Source records:
Content starts
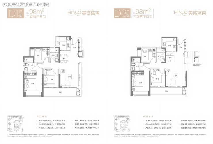 D3户型:布局与D1一致,但全部为东南朝向,采光更优,得房率80.12%(不含赠送)
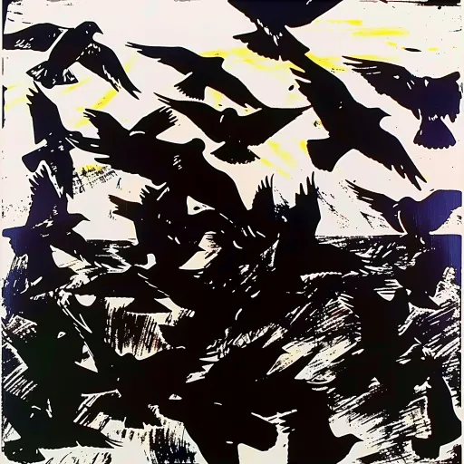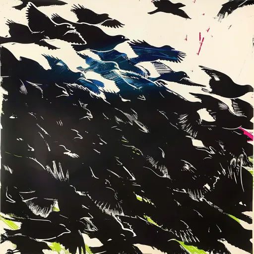 Midjourney Bot 更新时间:2025-12-25 00:07https://images.gogpt.vip/aigf/m_origin/20251224/1094999/ne0sh82vfwbt6hr8.png Expressive monochrome ink painting depicts a large group of dense and numerous flying birds with a consistent orientation. Create using spontaneous, irregular brush and pen lines, with the effects of dry brush flying white and ink splattering. Fill with pure black blocks. The composition is full of energy and freedom, emphasizing the rhythm and texture of brushstrokes. The style is similar to modern calligraphy or abstract ink painting. --ar 1:1 --v 6.0 --style raw --stylize 100 --iw 0.25 --sref https://images.gogpt.vip/aigf/m_origin/20251224/1094999/pxd3256hqs4apv0r.jpeg
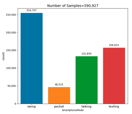 To summarize, eight different datasets were used to evaluate the proposed approach. This combination of datasets resulted in the largest dataset that has been used for the purpose of SLR. It contains 107 people with about 31 h of recording, with varying recoding conditions and user walking dynamics. The distribution of the samples from all datasets to the four smartphone locations is presented in Figure 9. Since the dataset was constructed from smaller different datasets, not necessarily constructed for the SLR task, the distribution is not balanced between the four modes. Nevertheless, each smartphone mode has more than 200,000 samples.
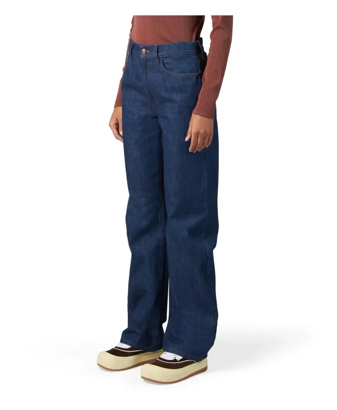 Брюки Philippe Model Wide Leg изготовлены из джинсовой ткани плотностью 12 унций цвета индиго и имеют уличный силуэт. Они украшены прорезиненной этикеткой с логотипом и пятым карманом с силуэтом щита, что придает им изысканный, узнаваемый вид. Ключевые особенности: Синий | Джинсовая ткань | Прорезиненная этикетка | Пятый карман | Слегка завышенная талия | Асимметричная кокетка на спине | Уличный силуэт | Пятый карман с силуэтом щита | Размеры и посадка: Широкий крой | Слегка завышенная талия | Состав и уход: 100% хлопок
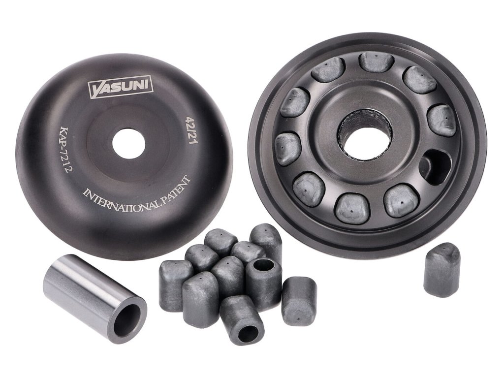 Yasuni Axial variátor vhodný pro vozidla s motory Minarelli, např. B. Yamaha Aerox 50, MBK Booster 50 a Malaguti F15 Firefox 50 AC / LC. Variátor vyvinula a patentovala společnost Yasuni. S tímto variátorem se výkon motoru přenáší přímo na kolo, čímž se dosahuje nejlepšího možného výkonu. Zřetelné rozdíly jsou také v konstrukci a použitých materiálech: například CNC frézované hliníkové pouzdro řady 6000 s keramickým povlakem. Exkluzivní a patentované středové pouzdro výrazně snižuje tření. Válečky jsou vyrobeny ze špičkového plastu s molybdenem.
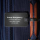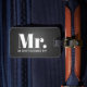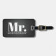 Voyagez dans le style avec cette étiquette masculine de bagage pour des mariés et des nouveaux mariés. Caractéristiques de conception ce un arrière - plan de cuir de noir de faux avec "M." et de votre nom de famille dans une typographie gris-clair moderne de manuscrit. Le dos de l'étiquette de sac a vos détails de contact qu'il faut que vous personnalisiez dans gris-clair sur un arrière - plan noir de cuir de faux. Conçu par l'artiste Coffey ©Susan.
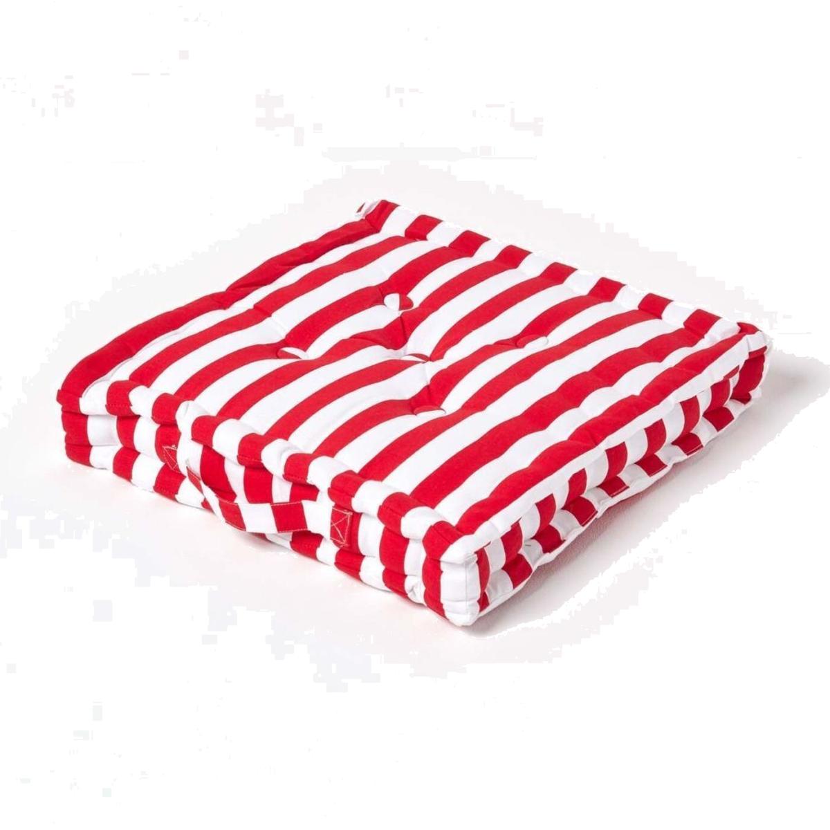 Homescapes Cotton Thick Stripe Floor Cushion - Red / 10cm
Content ends
- **WORK ORDER**: An exact copy of all the records, free of pictures, is the expected answer.

- **REPLY TO THE EXERCISE**:
 D3户型:布局与D1一致,但全部为东南朝向,采光更优,得房率80.12%(不含赠送)
 Midjourney Bot 更新时间:2025-12-25 00:07https://images.gogpt.vip/aigf/m_origin/20251224/1094999/ne0sh82vfwbt6hr8.png Expressive monochrome ink painting depicts a large group of dense and numerous flying birds with a consistent orientation. Create using spontaneous, irregular brush and pen lines, with the effects of dry brush flying white and ink splattering. Fill with pure black blocks. The composition is full of energy and freedom, emphasizing the rhythm and texture of brushstrokes. The style is similar to modern calligraphy or abstract ink painting. --ar 1:1 --v 6.0 --style raw --stylize 100 --iw 0.25 --sref https://images.gogpt.vip/aigf/m_origin/20251224/1094999/pxd3256hqs4apv0r.jpeg
 To summarize, eight different datasets were used to evaluate the proposed approach. This combination of datasets resulted in the largest dataset that has been used for the purpose of SLR. It contains 107 people with about 31 h of recording, with varying recoding conditions and user walking dynamics. The distribution of the samples from all datasets to the four smartphone locations is presented in Figure 9. Since the dataset was constructed from smaller different datasets, not necessarily constructed for the SLR task, the distribution is not balanced between the four modes. Nevertheless, each smartphone mode has more than 200,000 samples.
 Брюки Philippe Model Wide Leg изготовлены из джинсовой ткани плотностью 12 унций цвета индиго и имеют уличный силуэт. Они украшены прорезиненной этикеткой с логотипом и пятым карманом с силуэтом щита, что придает им изысканный, узнаваемый вид. Ключевые особенности: Синий | Джинсовая ткань | Прорезиненная этикетка | Пятый карман | Слегка завышенная талия | Асимметричная кокетка на спине | Уличный силуэт | Пятый карман с силуэтом щита | Размеры и посадка: Широкий крой | Слегка завышенная талия | Состав и уход: 100% хлопок
 Yasuni Axial variátor vhodný pro vozidla s motory Minarelli, např. B. Yamaha Aerox 50, MBK Booster 50 a Malaguti F15 Firefox 50 AC / LC. Variátor vyvinula a patentovala společnost Yasuni. S tímto variátorem se výkon motoru přenáší přímo na kolo, čímž se dosahuje nejlepšího možného výkonu. Zřetelné rozdíly jsou také v konstrukci a použitých materiálech: například CNC frézované hliníkové pouzdro řady 6000 s keramickým povlakem. Exkluzivní a patentované středové pouzdro výrazně snižuje tření. Válečky jsou vyrobeny ze špičkového plastu s molybdenem.
 Voyagez dans le style avec cette étiquette masculine de bagage pour des mariés et des nouveaux mariés. Caractéristiques de conception ce un arrière - plan de cuir de noir de faux avec "M." et de votre nom de famille dans une typographie gris-clair moderne de manuscrit. Le dos de l'étiquette de sac a vos détails de contact qu'il faut que vous personnalisiez dans gris-clair sur un arrière - plan noir de cuir de faux. Conçu par l'artiste Coffey ©Susan.
 Homescapes Cotton Thick Stripe Floor Cushion - Red / 10cm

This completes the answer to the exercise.